Die Wonnen der „Syncopation“ kennt auch der Song „Follow The Crowd“ aus der selben Zeit wie „Watch Your Step“. Berlin hat ihn nicht nur komponiert und getextet, er singt ihn auch selbst.

Die Handlungselemente in „Watch Your Step“ waren geringfügig, und es wies genug verschiedenartige Nummern auf, um eher als Revue denn als Musical Comedy bezeichnet zu werden. Revuen, die es am Broadway seit 1894 gab, besaßen keine Handlung, höchstens ein übergreifendes Thema. Ihre Musik stammte meistens von verschiedenen Komponisten, und sie erschienen vielfach turnusmäßig.

Tonangebend auf dem Sektor der Revue war der geniale Impresario Florence Ziegfeld, der 1907 seine „Follies“ begründete. Die große Zeit der Revue begann nach dem ersten Weltkrieg – nicht nur für Ziegfeld, sondern auch für Nachahmer und Konkurrenten.

Ein wesentlicher Bestandteil der „Ziegfeld Follies“, die opulente Ausstattung, gewann eine beinahe künstlerische Qualität, nachdem Ziegfeld 1915 den vom Jugendstil beeinflussten Wiener Architekten, Designer und Bühnenbildner Josef Urban engagiert hatte.
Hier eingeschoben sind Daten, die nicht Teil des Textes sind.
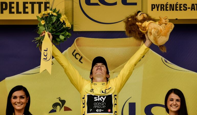 Por fin se marchó Kwiatkowski. Lo levantó su compañero Froome, pero el ciclista de origen keniano se quedó de pie. Llegaba Dumoulin con los colores arcoiris para demostrar que la medalla de oro de la crono de Bergen no fue una casualidad. Y a continuación, brazos en alto, eufórico, se presentaba el heredero de Wiggins y Froome, un galés que prolonga el dominio del Sky en el Tour de Francia.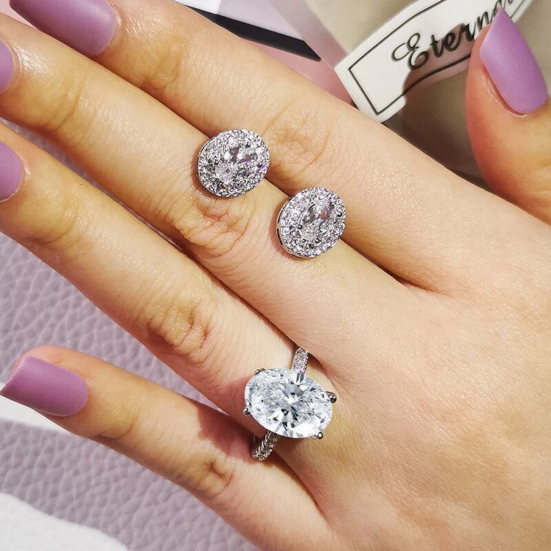送料無料 2ピースパックシルバーカラー花嫁ジュエリーセットハロー婚約指輪ラウンドスタッドピアスウェディングギフトJ5566 イヤリング リング 銀 アクセサリー AE00116628182519879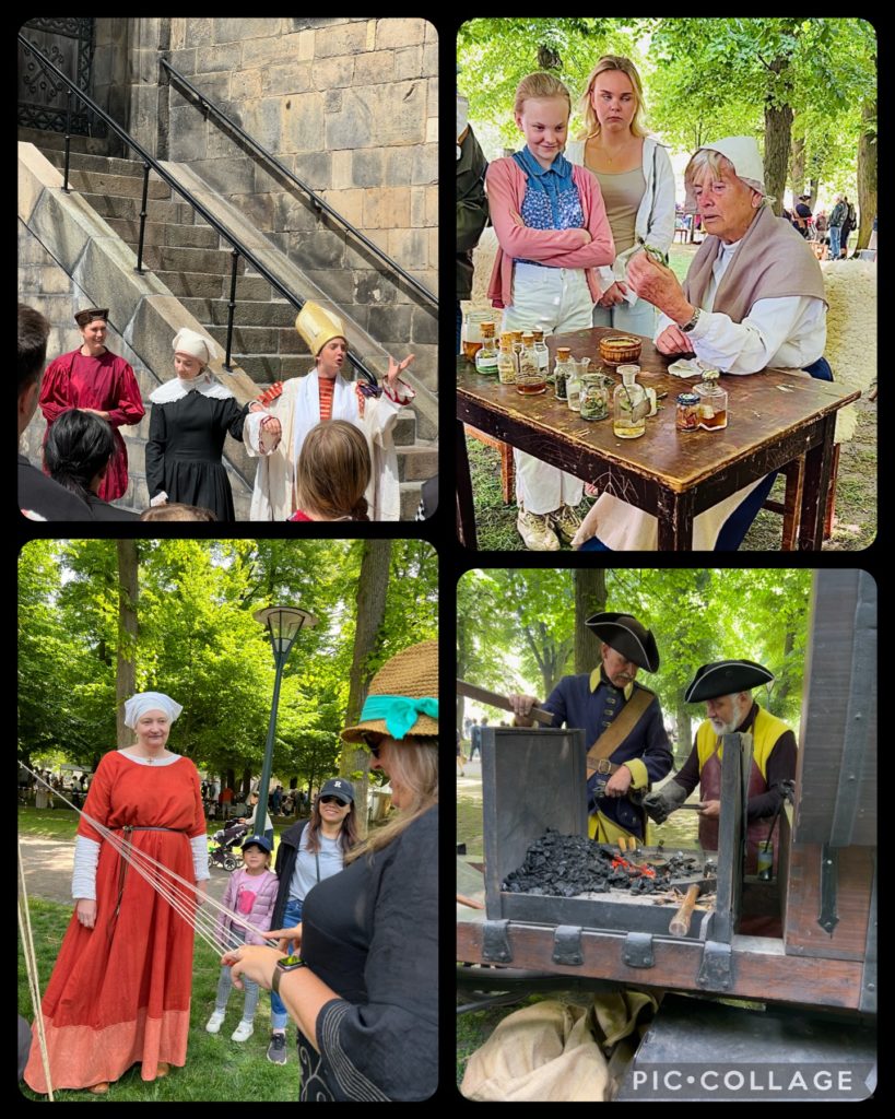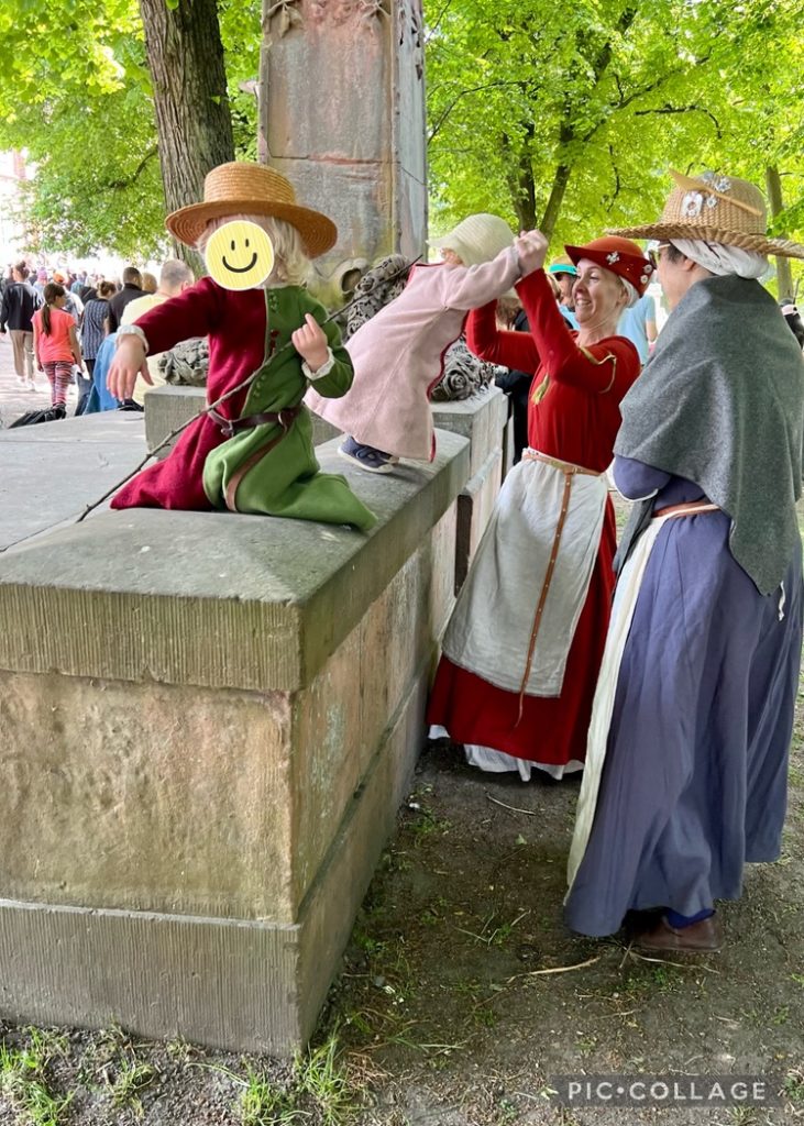 We had delightful weather for Lunds historiedag, a cross between a mini Renaissance Festival and a historical recreation club, spanning 1,000 years in the history of Scania. This year is special because it is 900 years since the inauguration of Lund Cathedral in 1123. Andrea managed to get us registered for 3 guided tours in English, and in spite of a mix-up regarding the viking runes tour, we thoroughly enjoyed the day. Missing one tour might have been for the best as we met up with Carole and were able to visit the medieval market, a soldier’s encampment, complete with demos and food samples, a knight’s mêlée, plus some renaissance dancing. I’m sure I’d have been too tired to see everything if we’d done a third tour. Jewelry, pottery, wool and lots of cool craft items at the market were tempting, but I will need to allow more time at the market to make up my mind.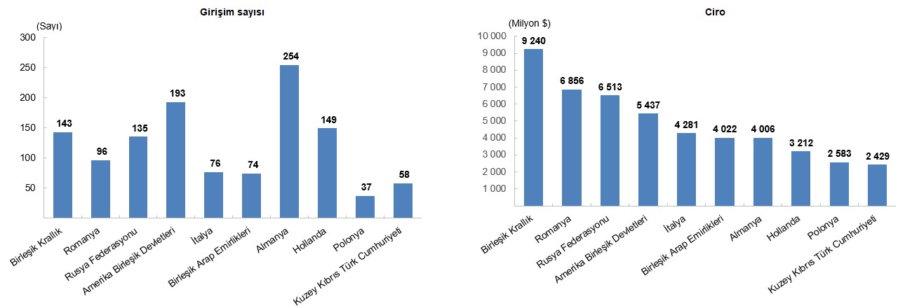 Romanya, yurt dışında kontrol edilen girişim sayısı açısından 96, elde edilen ciro açısından da 6 milyar 856 milyon dolar ile ikinci sırada yer aldı. Ciroda 6 milyar 513 milyon dolar ile üçüncü sırayı alan Rusya Federasyonu’nda kontrol edilen girişim sayısı 135 olarak gerçekleşti.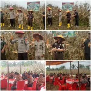 Subulussalam, Globaldetik.com. Kapolres Subulussalam AKBP Muhamad Yusuf, S.I.K. bersama jajaran menggelar panen jagung serentak Kuartal II di Kampong Suka Makmur, Kecamatan Simpang Kiri, Kota Subulussalam, suasana Hujan Kamis (5/6). Kegiatan ini dilaksanakan serentak secara nasional dan terhubung langsung melalui video konferensi dengan Kapolri Jenderal Listyo Sigit Prabowo, yang memimpin Panen Raya Jagung Nasional dari Kabupaten Bengkayang, Kalimantan Barat, didampingi oleh Presiden RI Prabowo Subianto, Menteri Pertanian Amran Sulaiman, serta Menteri Perdagangan Budi Santoso.(5 Juni 2025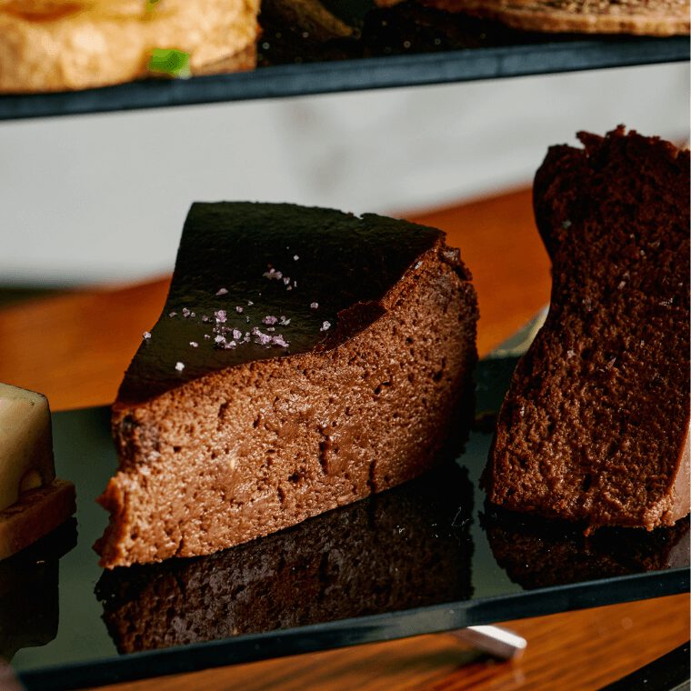 - Basque chocolate cake, Tasman pepper berry salt, featuring sustainable Cacao Trace 55% dark Chocolate, Cote d’Ivoire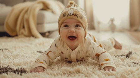 A baby wearing a cute animal-themed onesie, crawling on a fluffy carpet, with a big smile on their face.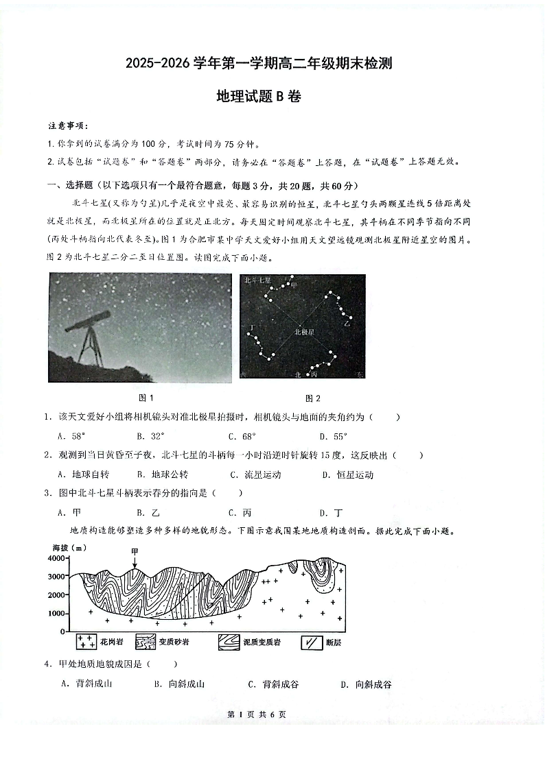 安徽省皖中名校联考2025-2026学年高二上学期2月期末 地理.pdf

Der Hauptzweck der „Ziegfeld Follies“ aber bestand im „Glorifying the American Girl“. Die schönsten prachtvoll aufgeputzten Mädchen schritten Treppen hinunter und wurden auch sonst groß herausgebracht. Für die „Ziegfeld Follies“ von 1919 schrieb Irving Berlin den Song, der fortan zur Hymne der Follies wie auch von Schönheitskonkurrenzen und Modenschauen werden sollte: „A Pretty Girl Is Like A Melody“.

In MGMs „The Great Ziegfeld“ (1936) trägt Dennis Morgan diesen Song vor, eingebettet in eine musikalisch anspielungsreiche production number.